For Immediate Release
Investor inquiries:
Karen Greene
Internet Capital Group
610.727.6900
ir@internetcapital.com
ICG ANNOUNCES EXECUTION OF MERGER AGREEMENT BETWEEN CREDITEX AND INTERCONTINENTALEXCHANGE
_____________________________________________________________________________________
Wayne, PA - June 3, 2008 - Internet Capital Group, Inc. (Nasdaq: ICGE) today announced that its partner company, Creditex Group Inc., has entered into a definitive merger agreement under which it will be acquired by IntercontinentalExchange, Inc. (NYSE: ICE), a leading operator of global derivatives exchanges and over-the-counter (OTC) markets. The closing of the transaction is subject to a number of conditions and is expected to occur during the late third quarter of 2008.
The total purchase price to be paid to Creditex stockholders in the merger is $625 million, plus a working capital adjustment to be finalized at closing. ICG will receive its portion of the purchase price, which is expected to be approximately $85 million, in shares of ICE common stock. The value of the merger consideration received by ICG may fluctuate based on the price of ICE's stock. The historical carrying value of ICG's ownership stake in Creditex, which it acquired in November 2006, is approximately $25 million. ICG does not expect any income tax expense associated with this transaction.

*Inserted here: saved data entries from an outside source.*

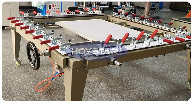 Hiina professionaalse tootjana soovime teile pakkuda HOYSTAR ekraani venitusmasinat, see masin integreerib kodumaiste ja rahvusvaheliste mudelite eelised, millel on kompaktne struktuur, kõrge pinge, mugav töö ja suurepärane profiil. Sobib suureformaadiliste reklaamekraanide raamide valmistamiseks ja ekraaniraamide professionaalseks partii tootmiseks. Masin tagab tõhusa, stabiilse ja usaldusväärse jõudluse, mistõttu sobib see professionaalse siiditrüki raami valmistamise nõudmistele.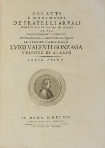 Marini Gaetano, Gli atti e monumenti de' Fratelli Arvali scolpiti già in tavole di marmo ed ora raccolti e diciferati e comentati [...]. Parte prima (-seconda). In Roma: presso Antonio Fulgoni, 1795.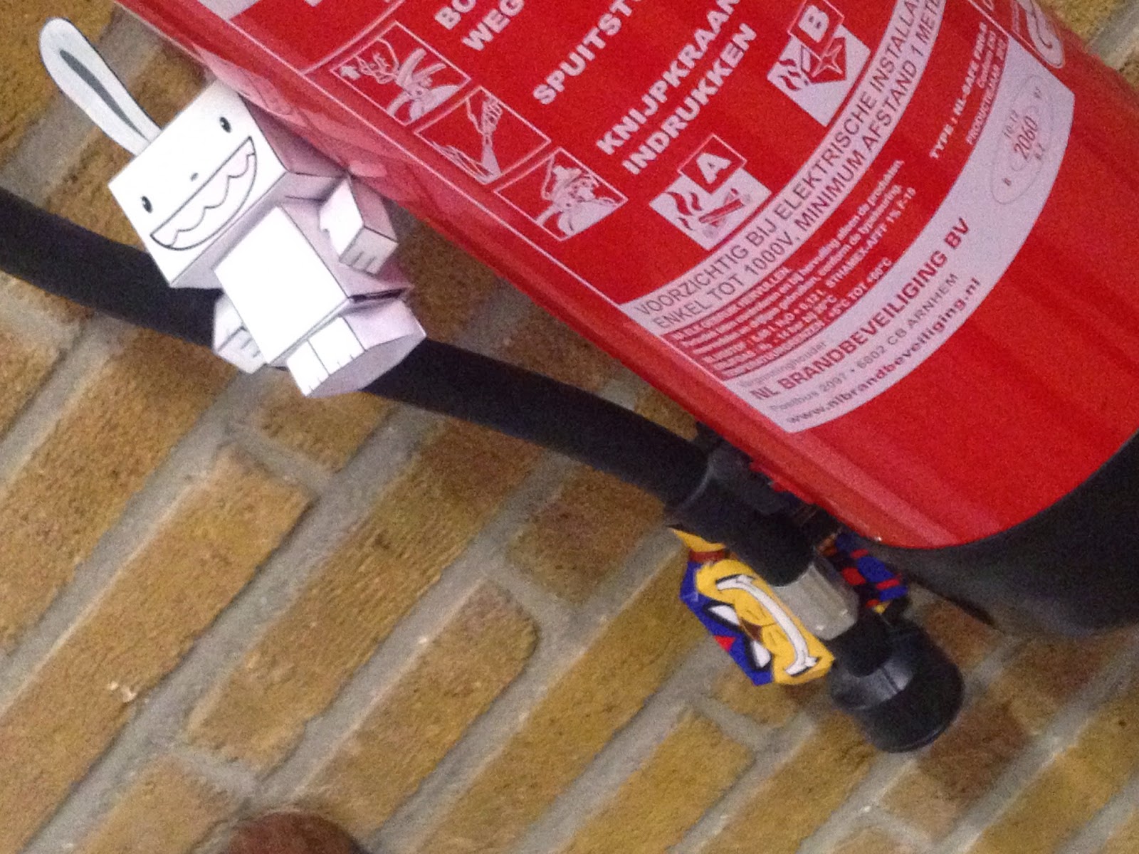 We moesten met CKV poppetjes maken op school en daarna een creatieve foto van de poppetjes maken. De brandblusser vonden we wel een leuk idee.
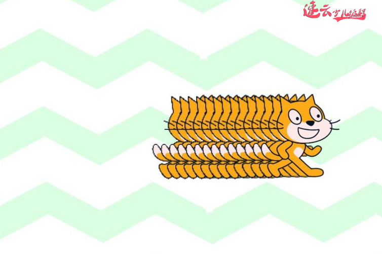 下面我们来试一试另一种作图方式——图章绘图。图章积木的原理是,在舞台上动态的留下一个复本,但这个复本无法移动,也不能对它进行编辑,可以通过“全部擦除”来进行清除。大家试一下编写下面这个程序,观察一下舞台上的效果。

"This merger is a testament to the strength of Creditex's brand and dedicated team, and it provides significant value to ICG and its stockholders," said Doug Alexander, Managing Director at Internet Capital Group. "We are proud of our success with Creditex. We see this event as a prime demonstration of ICG's ability to acquire good companies, build them into market leaders and capture the value ultimately created."

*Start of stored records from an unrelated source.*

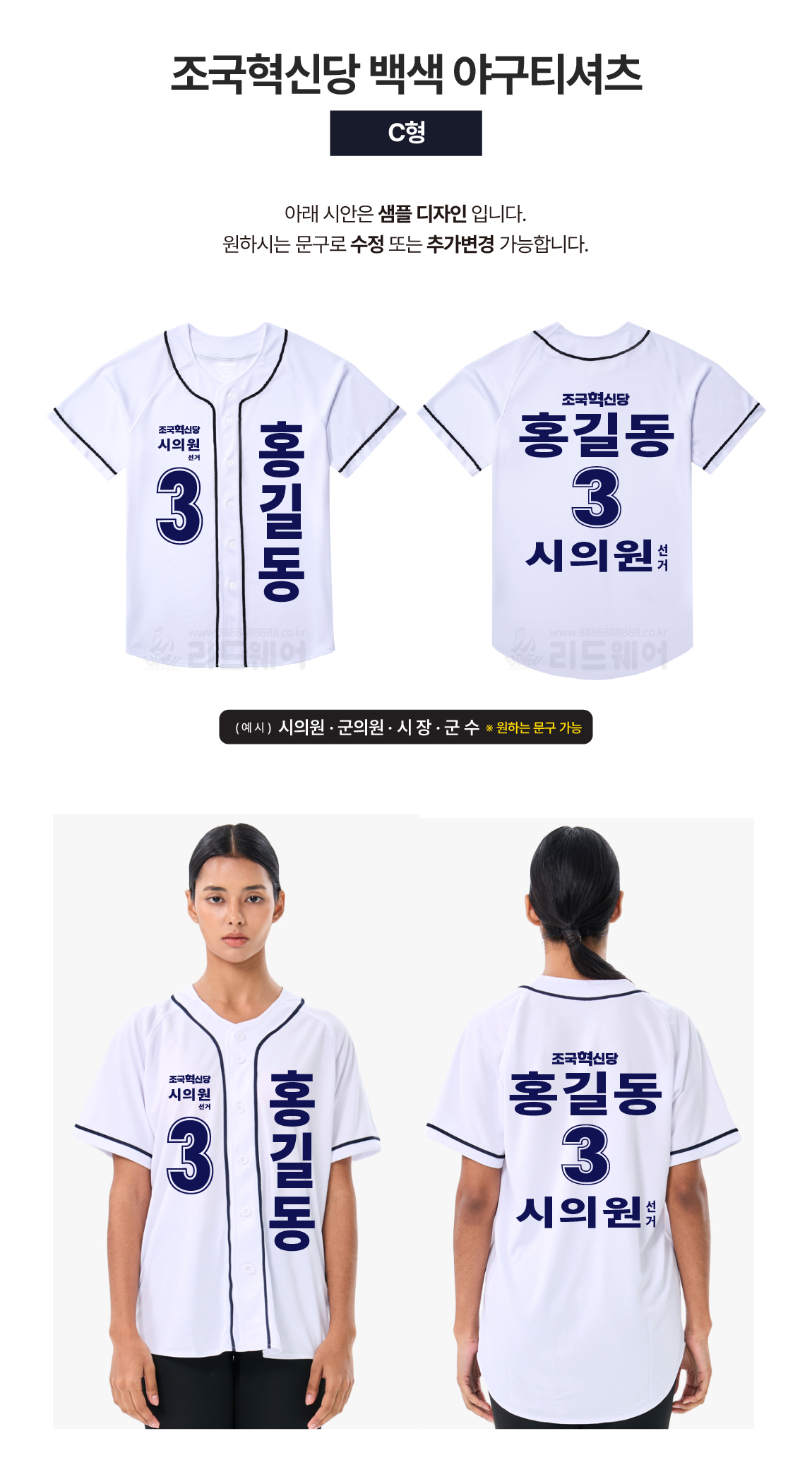 조국혁신당 백색 야구티셔츠 C형C형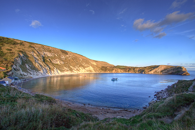 Lulworth Cove owes its form to the tectonic upheavals that produced the Purbeck Monocline. The chalk forms the back wall with the outer headlands of Portland Stone (Jurassic limestones) steeply inclined inland. Collectively these beds of the Purbeck Monocline form the northern limb of a vast anticline, the crest of which has been eroded out in Lyme Bay. The much-photographed tiny folds in Stair Hole also relate to this folding.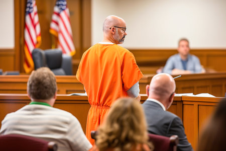 A convict in an orange suit speaks in the courtroom. high quality photo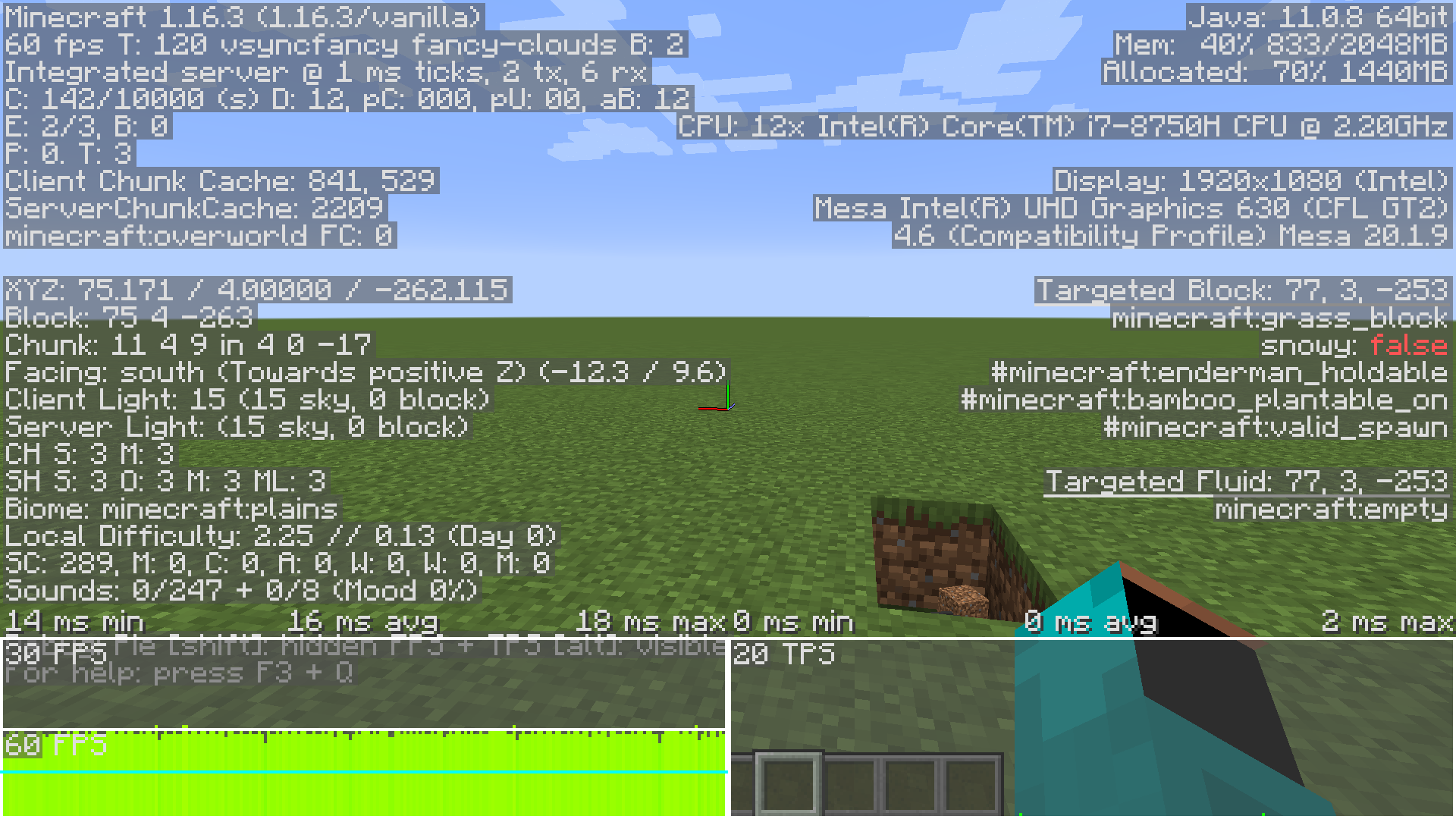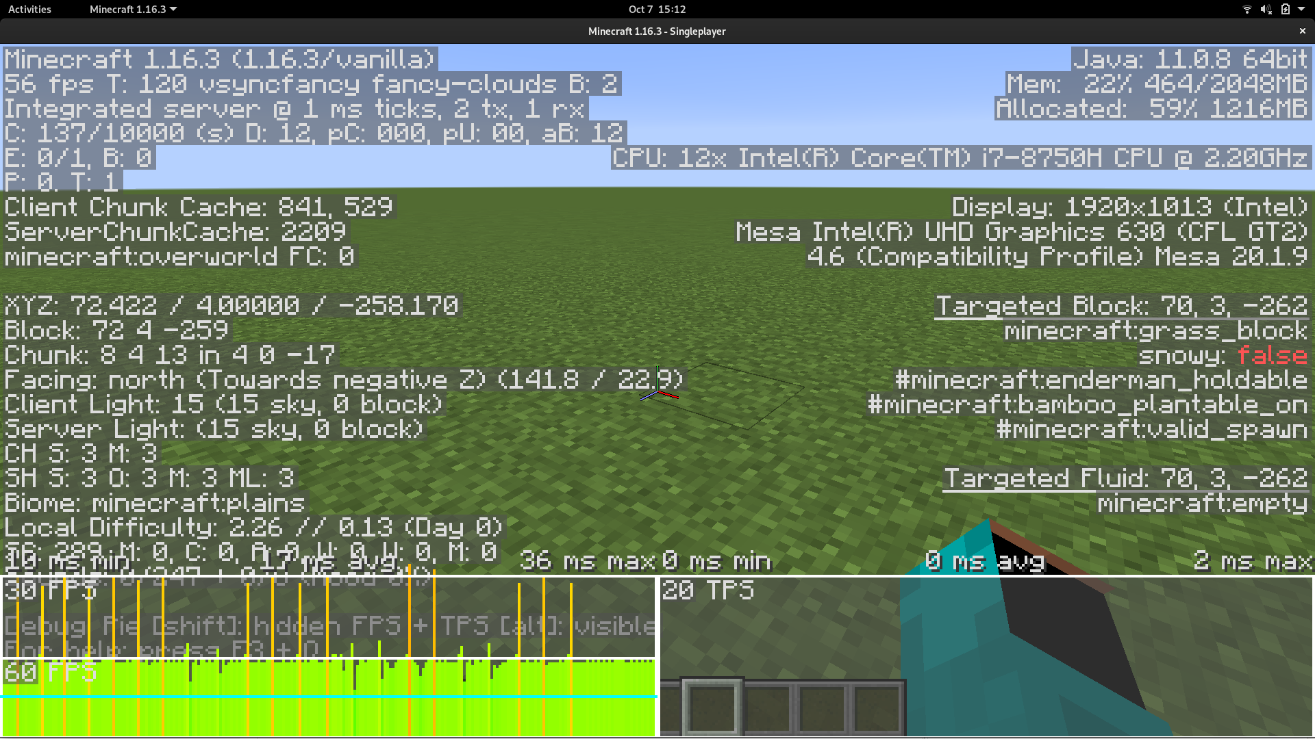 1. Join a normal world, multiplayer or singleplayer. FPS is high.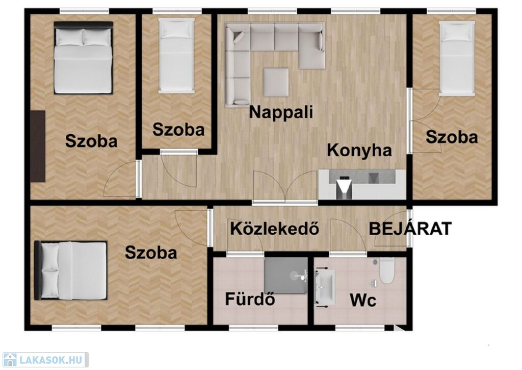-100nm-es lakás(amerikai konyhás nappali, 4 lakószoba, fürdőszoba, kamra, közlekedő és egy különálló wc)

Creditex is a credit market leader and innovator in the execution and processing of credit default swaps (CDS) with markets spanning the US, Europe and Asia. Creditex is prominent in the most liquid segments of the CDS market, including CDS indexes, single-names and standardized tranches.
About Internet Capital Group
Internet Capital Group (www.internetcapital.com) acquires and builds Internet software companies that drive business productivity and reduce transaction costs between firms. Founded in 1996, ICG devotes its expertise and capital to maximizing the success of these platform companies, which are delivering on-demand software and service applications to customers worldwide.
About IntercontinentalExchange
IntercontinentalExchange® (NYSE: ICE) is a leading operator of global exchanges and over-the-counter (OTC) markets. ICE offers futures and OTC markets on a single trading platform, including markets for crude oil and refined products, natural gas, power and emissions, as well as agricultural commodities and financial products such as canola, cocoa, coffee, cotton, ethanol, orange juice, wood pulp, sugar, foreign currency and equity index futures and options. ICE®conducts its energy futures markets, including the leading oil benchmark contracts, through its London-based exchange, ICE Futures EuropeTM. ICE conducts its global agricultural commodity, foreign exchange and equity index futures markets through its U.S. and Canadian exchanges, ICE Futures U.S.TMand ICE Futures CanadaTM, and offers clearing services through ICE Clear U.S.TM and ICE Clear CanadaTM. ICE's state-of-the-art electronic t rading platform serves market participants in more than 55 countries. ICE is included in the Russell 1000® Index and the S&P 500 Index. Headquartered in Atlanta, ICE has offices in Calgary, Chicago, Houston, London, New York, Singapore and Winnipeg. For more information, please visit www.theice.com.
-###-
Safe Harbor Statement under Private Securities Litigation Reform Act of 1995
The statements contained in this press release that are not historical facts are forward-looking statements that involve certain risks and uncertainties including but not limited to risks associated with the uncertainty of future performance of our partner companies, acquisitions or dispositions of interests in partner companies, the effect of economic conditions generally, capital spending by customers and development of the e-commerce and information technology markets, and uncertainties detailed in the Company's filings with the Securities and Exchange Commission. These and other factors may cause actual results to differ materially from those projected.